Friday, September 6, 2013

Passport to Adventure

As a kid, all I ever wanted was to travel the world, living an adventurous life. When I'd exasperate her, a favorite frustrated phrase of my Mom's was, "Heather, what are we going to do with you?" My response never varied: Send me to Germany! No clue why my answer was Germany, but the ironic fact is Germany ended up being the first non-American country my feet touched, years later.

I've grown up to do exactly what I dreamt of, traveling the world. Of course, it's a far slower pace than I'd like. And a far slower pace than many of our fellow expats who are off to new countries every month or two (or every week, depending on their job description). What we're doing looks a lot like traveling by way of living in individual countries a year at a time.

But we recently hit a specific milestone that I have been longing for since I was a young teen, holding my first blank passport in hand: to fill up all the pages. In my young mind, that was the benchmark for living an adventurous life.

We're preparing for a trip to Europe in a few weeks during the Mid-Autumn Festival holidays. We'll hit a few countries (and Disneyland Paris!), and realized we have very little blank space for visa stamps. This is frequently frowned upon as you go through Customs in a new country. Especially China, who despite our visas, stamps our passports every time we return here from another place.  So we made an appointment with the U.S. Consulate in Shanghai to have additional pages affixed into our ink-filled official travel documents.

This made me a little emotional (actually, post-surgery it doesn't take much for the emotions to show) to see a very specific childhood dream come true. My children are far less impressed with this milestone. After being dragged around the world and moving, on average, every twelve months, I fear their childhood dreams will be something along the lines of "live in one place until I die."
There were two options, and both were the same expensive price. You could get a twenty-four page addition, or forty-eight pages. As children under age 16 have to renew their passports every five years, instead of ten years like people over 16, we went ahead and got the twenty four pages for the boys. We'll be back at the Consulate in another year to renew theirs (yikes, that will be Nathan's fourth passport, though only Ben's third. This life is expensive!). But since Michael and I have quite a few years before ours expire, we went ahead and added 48 pages. It adds quite a bit of bulk!
If we manage to fill the extra forty-eight pages (and there was someone there during our appointment who had!), then the only option is to get another passport. No more pages can be added. I don't think it'll happen. But it's nice to dream, right? Because dreams do come true.

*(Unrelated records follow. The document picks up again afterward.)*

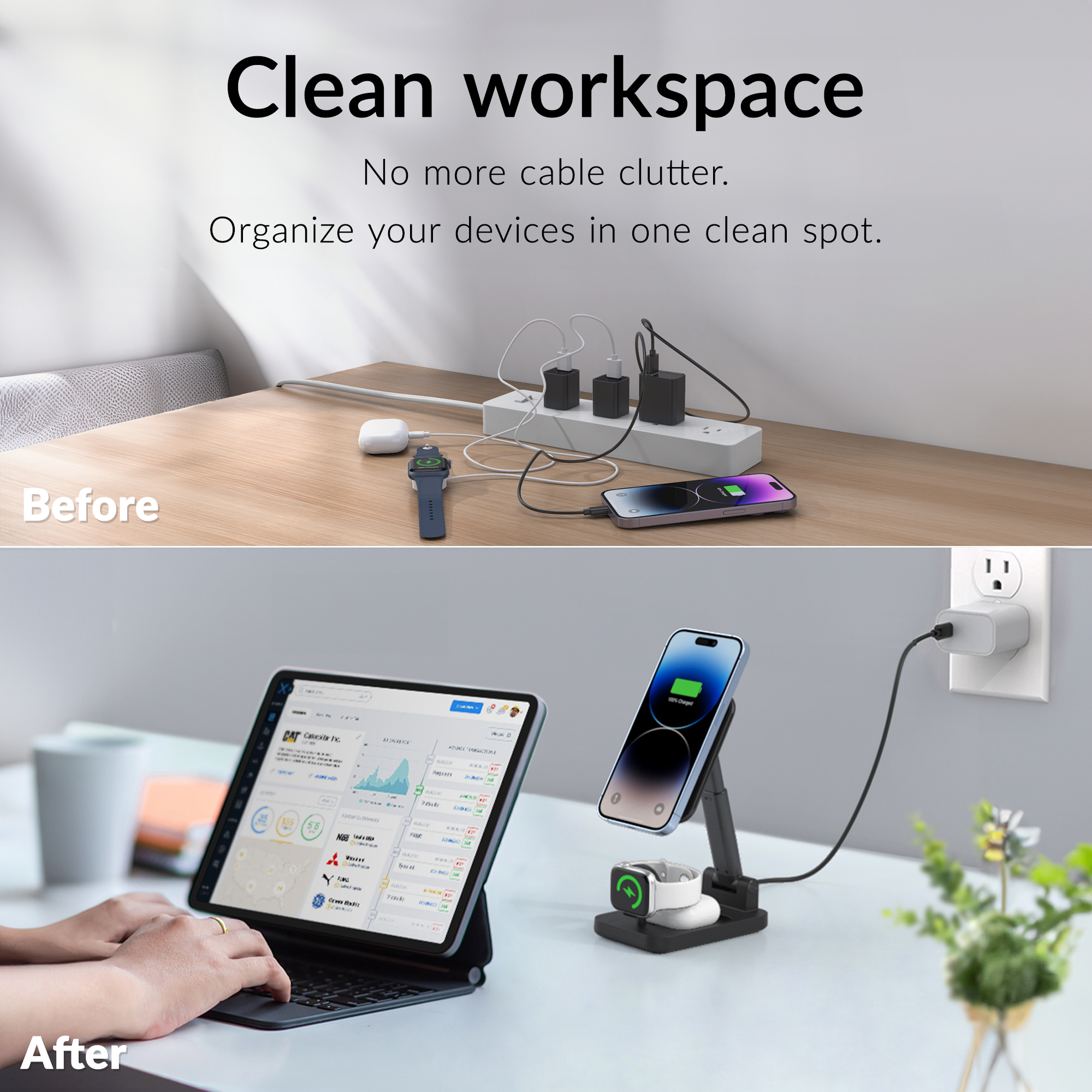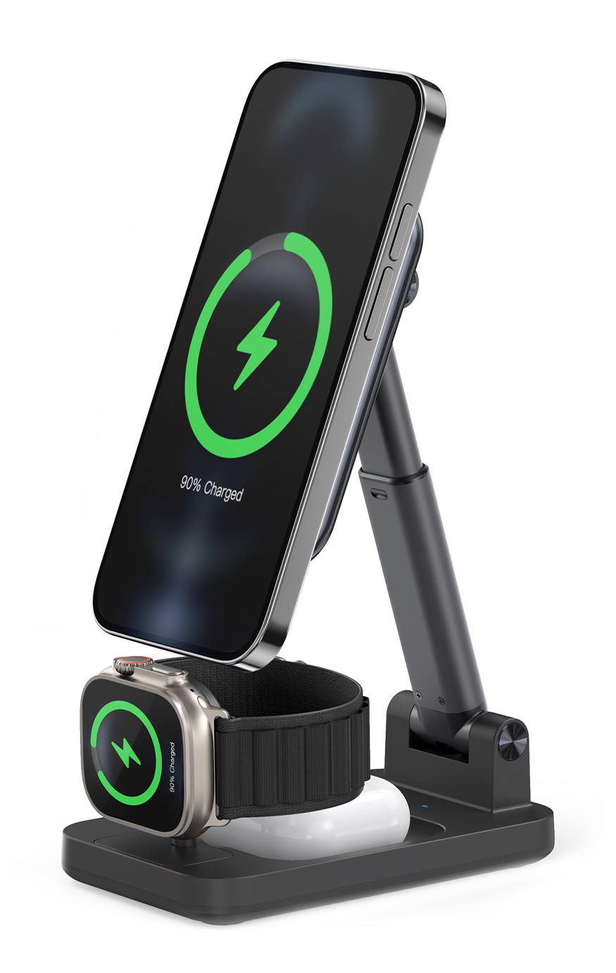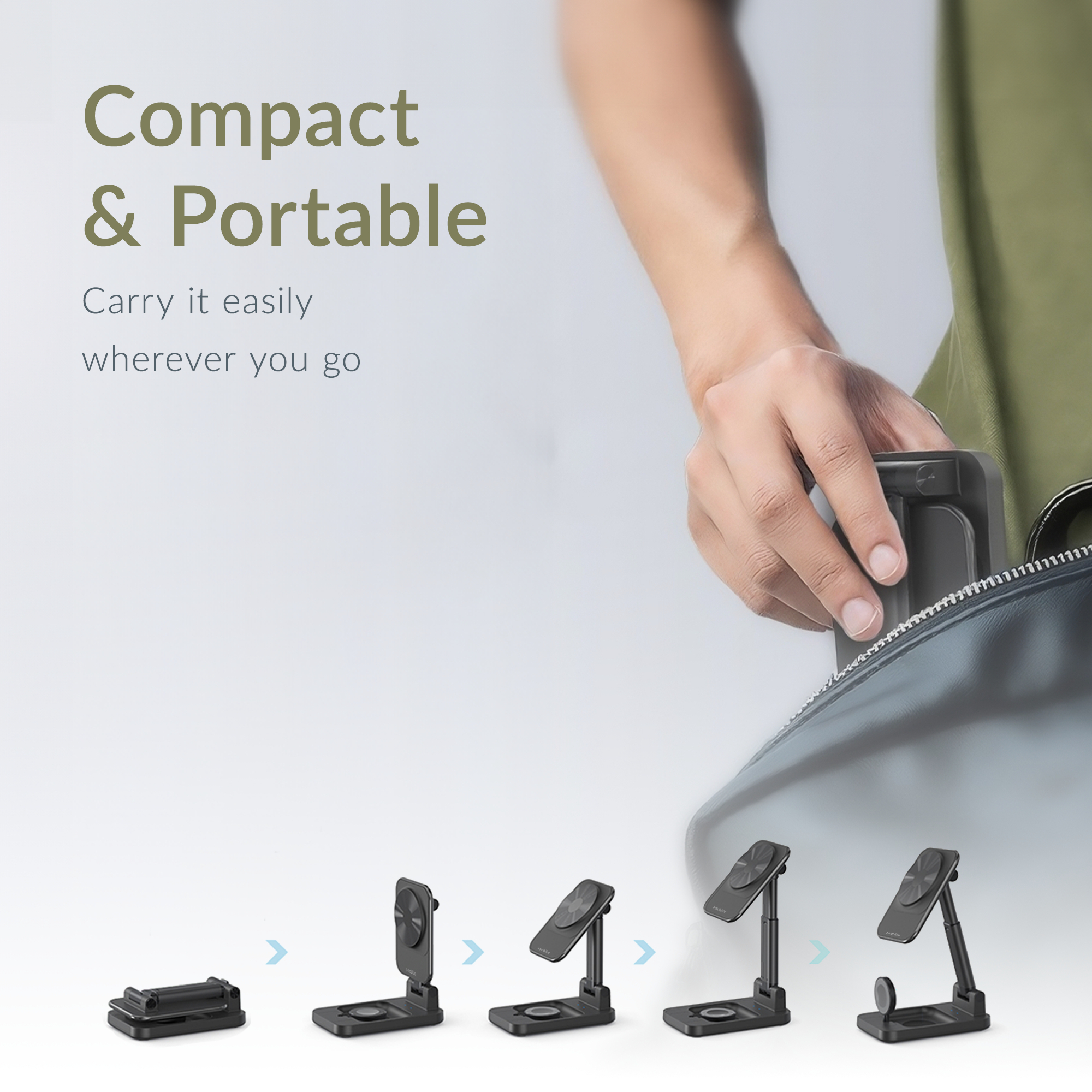 Het compacte, minimalistische en opvouwbaar ontwerp van het Mobilize 3in1 Charger Station neemt weinig ruimte in beslag, terwijl het toch een krachtige laadoplossing biedt voor al je apparaten. Het station is zo ontworpen dat het je apparaten niet alleen oplaadt, maar ook elegant presenteert.
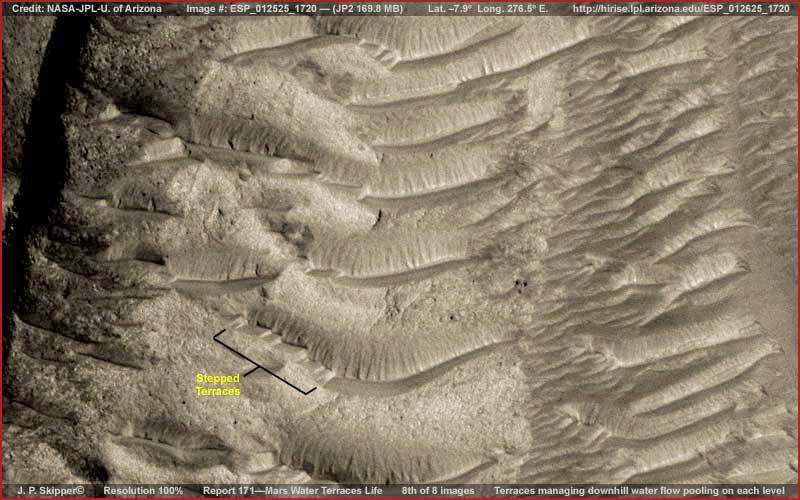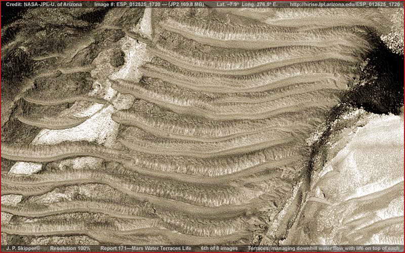 125. Marsi víz és teraszos élet Az itt bemutatásra kerülő képrészleteket az MRO HiRIse ESP_012625_1720 jelzésű, jp2-es felvételéből vettük. A hivatkozott jp2-es file mérete 169.8 MB, mégis, nagyobb felbontáson a felszíni alakzatok életlenné, szemcséssé válnak. Skipper a lehető legtöbbet elkövette, amit csak el tudott. Ahogy haladunk e beszámoló olvasásában felmerülhet a kérdés, miért jelentkeznek problémák a felbontással. Ám a kivehető dolgok mégis elégnek bizonyulnak a megértéshez, hogy ténylegesen meglássuk, mi is folyik itt valójában, és miért érdekes ez a helyszín.
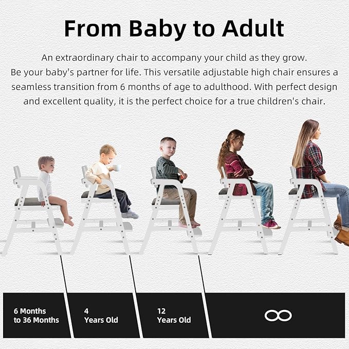 - One Chair for Many Years: Adjustable high chair with adjustable foot rest, one wooden high chair for Toddlers to Teens. 4 position seat height and 3 footrest adjustable suitable for 2-13 years old child. The height of seat is adjustable to match different table height. Foot rest is adjustable and child can put their feet on it for support. You don't need to purchase another highchair for your kids as they grow up
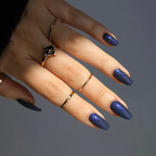 Любишь приглушенный деним? Тогда покрой ногти в глубоком синем оттенке стильным матовым финишем.
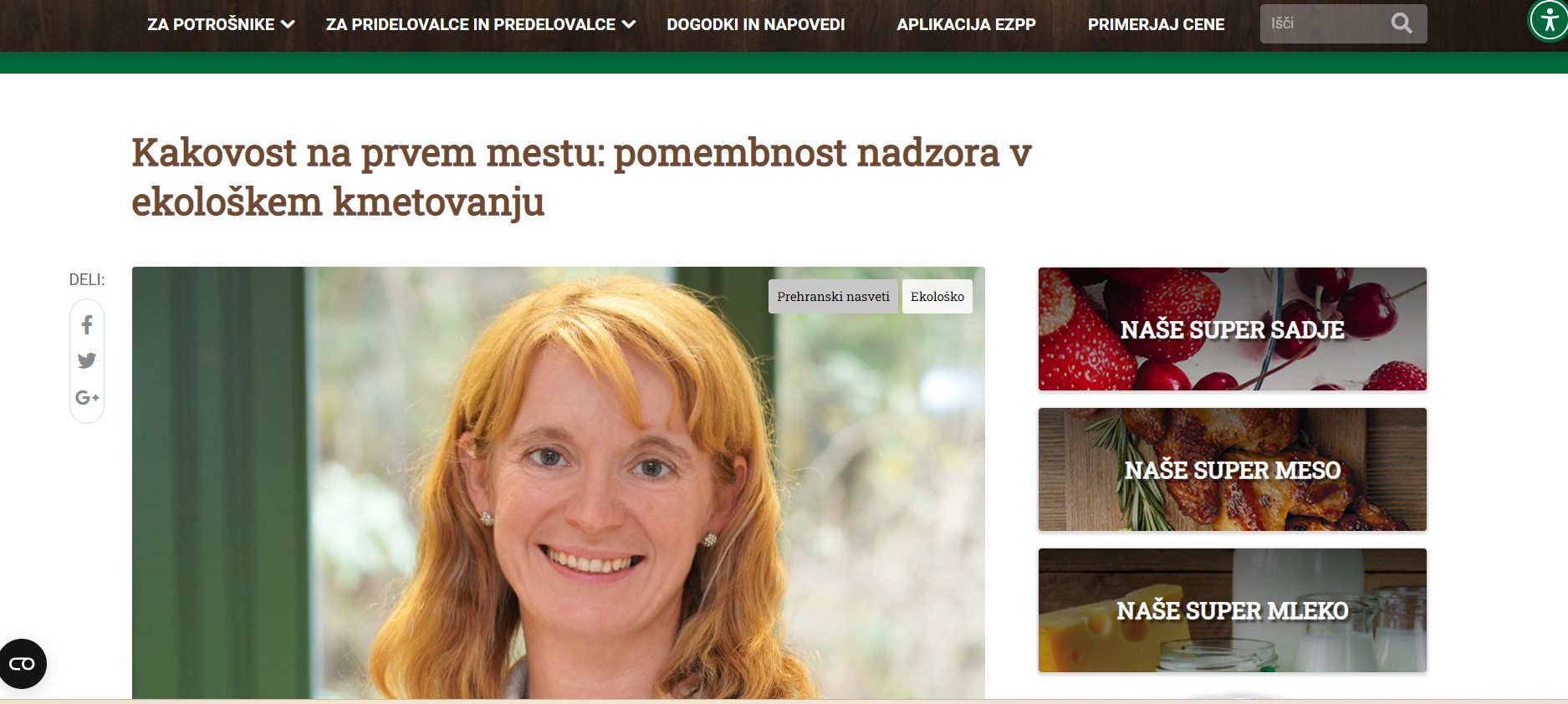 V članku na spodnji povezavi si lahko preberete o pomembnosti nadzora v ekološkem kmetijstvu. Z novinarsko ekipo portala Naša super hrana je govorila naša sodelavka Nives Adamič Kričaj, univ. dipl. ing. kmetijstva in koordinatorko certifikacijske enote za ekološko kmetijstvo – pridelavo/predelavo na IKC Inštitutu za kontrolo in certifikacijo Univerze v Mariboru.
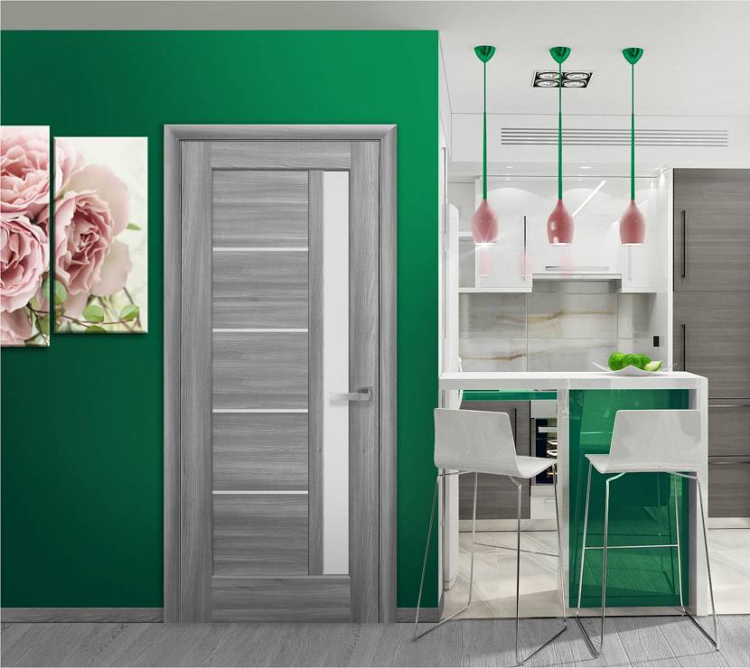 Светло-серая дверь в сочетании с зелеными стенамиИсточник vikna-dveri.net
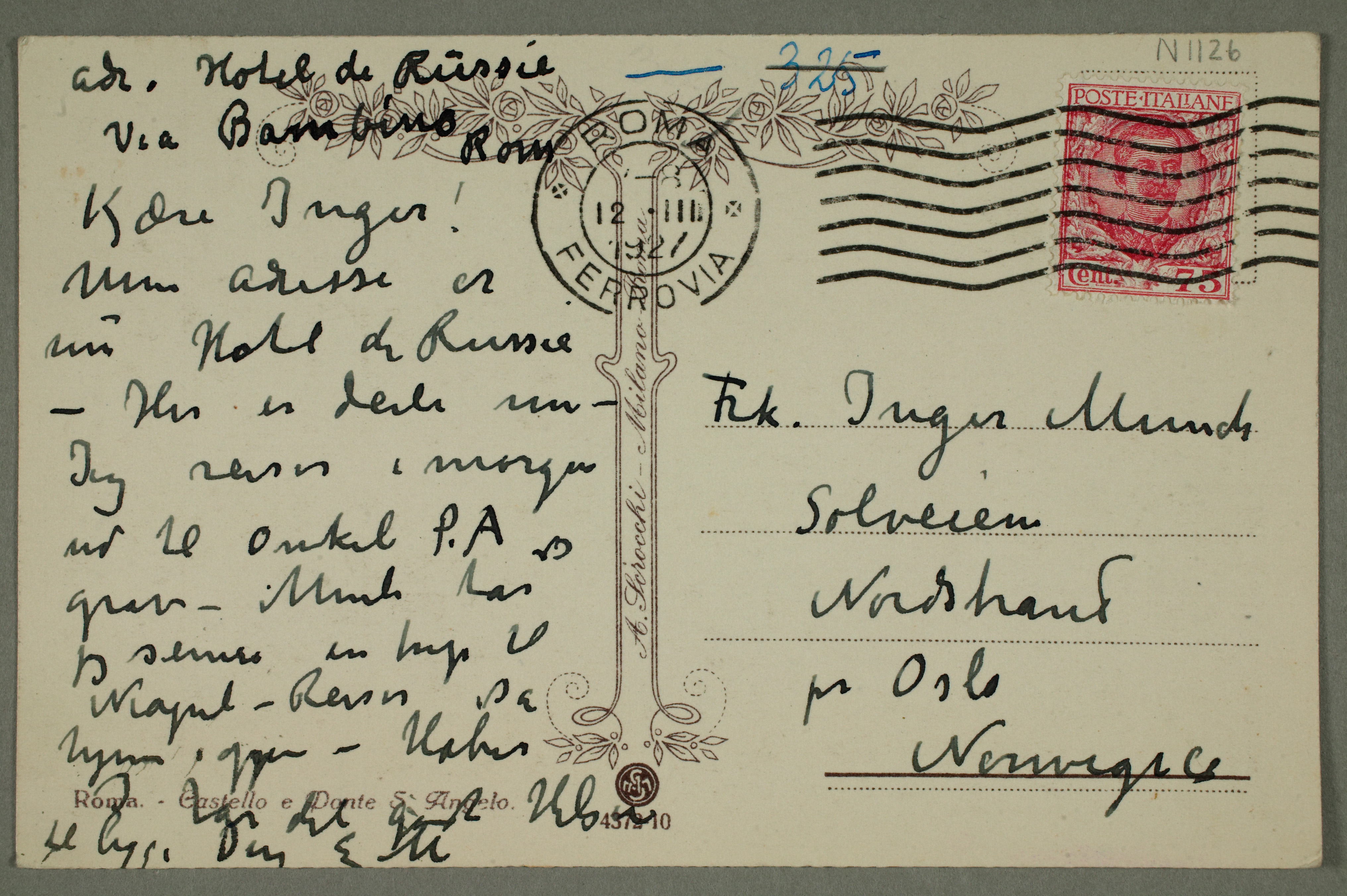 MM N 1126, Munchmuseet. Datert 12.3.1927. Brev til Inger Munch
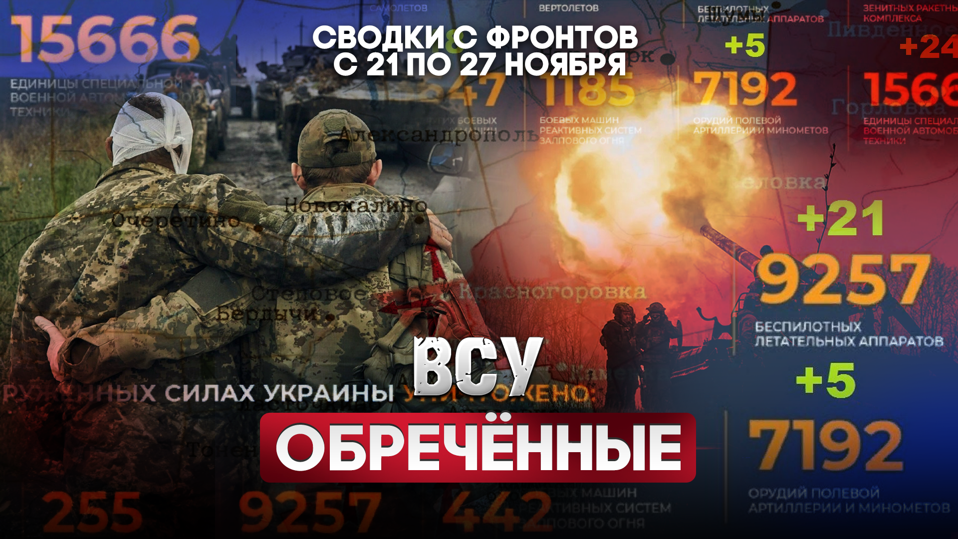 Большая фронтовая сводка с 21 по 27 ноября Друзья, мы совместно с ПолитВерой собираем средства на нужды нашей подшефной 1-ой Гвардейской Славянской бригады. Для помощи ребятам на передовой: ?Карта Сбербанк: 2202 2036 7992 1520 (Дарья) ?Донаты ВК: https://vk.com/donut/voenkorkhayrullin ПолитВера : Карта Сбербанк: 2202 2032 5969 3275 (Вера) ?Яндекс деньги: 41001310993902 ?Донаты ВК https://vk.me/moneysend/politwera Ссылка для донатов: https://www.donationalerts.com/r/politwera (тут могут участвовать друзья из Европы. ТОЛЬКО через кнопку PayPal) Огромная благодарность, что вы помогаете бойцам!
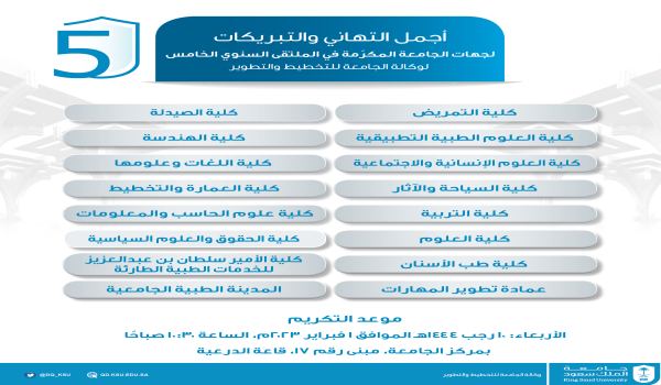 كلية العلوم الطبية التطبيقية، وكلية التمريض، وكلية الهندسة، وكلية العلوم الإنسانية والاجتماعية، وكلية اللغات وعلومها، وكلية السياحة والآثار، وكلية العمارة والتخطيط، وكلية التربية، وكلية علوم الحاسب والمعلومات، وكلية العلوم، وكلية الحقوق والعلوم السياسية، وكلية طب الأسنان، وكلية الأمير سلطان بن عبد العزيز للخدمات الطبية الطارئة. كما تضمن الملتقى تكريم الكيانات التي حصلت على الاعتماد وهي: المدينة الطبية الجامعية، وعمادة تطوير المهارات.
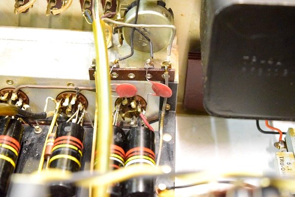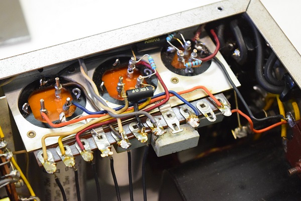 交換されている高圧セレンです。電解ブロックコンデンサーは3本ともオリジナルです。
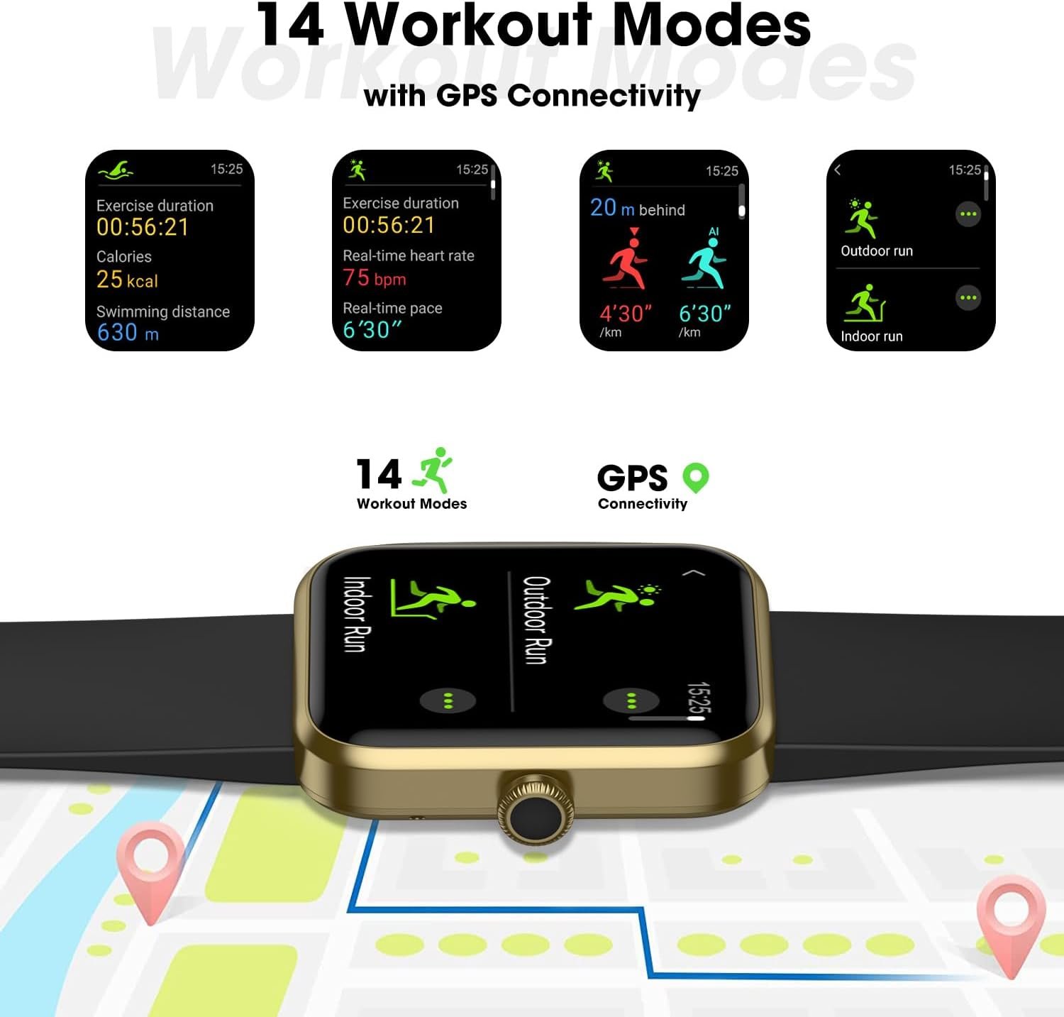 Mutiple Sport Modes with 5ATM Waterproof: Our fitness watch is equipped with 14 sports modes such as yoga, walking, ect, The smartwatch also tracks the outdoor workout route if connected with smartphone’s GPS. Imzuc watch is designed with 5ATM waterproof rating ( 50 meters waterproof ), so you can enjoy swimming or sweating out without any worries.
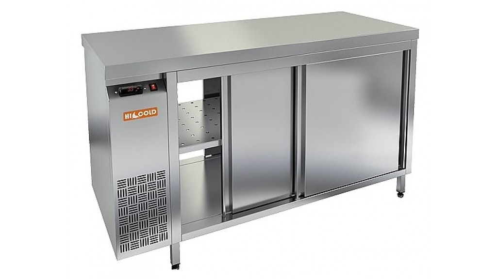 Модель оснащена дверями типа «купе». Нагрев осуществляется с помощью электрического нагревателя (ТЭНа). Конструкция стола предотвращает нагрев внешних поверхностей, так как двойные стенки корпуса и дверок сохраняют заданную температуру и защищают лицевые поверхности от нагрева.

I'm holding proof in my hand.


  1. I can speak from experience when I say that growing up moving around may make you THINK you want to live somewhere and never move again,in reality - it doesn't happen that way. MrL and both grew up moving all over the place (he graduated high school in the Philippines; I graduated in Germany - and that was after God knows how many schools we attended before that.) When we married, we really did try settling down, and we lasted almost 10 years, but that was it. We've been on the move an average of every 4 years since then. I know what you mean about the passport; we're trying to decide what to do because #2's expires next year anyway. Do we just get him a new one now, or try to fill this one up first? Darn that whole 'you need to have at least pages free rule.' ; ) So glad to hear from you, hope the recovery continues to go well and you're perfectly fit in time for Europe!

  2. oops, that should have read 'at least 6 pages free'...rushing!

  3. MsCaroline, I just posted a long post on depression, describing what happened when we decided to "settle down" in one place long term. We're at the far end of the spectrum as far as number of moves and currently struggling with our oldest who is mourning over some recent goodbyes, but I just feel there is so much to see and do and places to go that settling in just goes against my nature. Only time will tell what kind of life my children will choose, but my hope is it will be full of adventure no matter if they move a lot or plant themselves!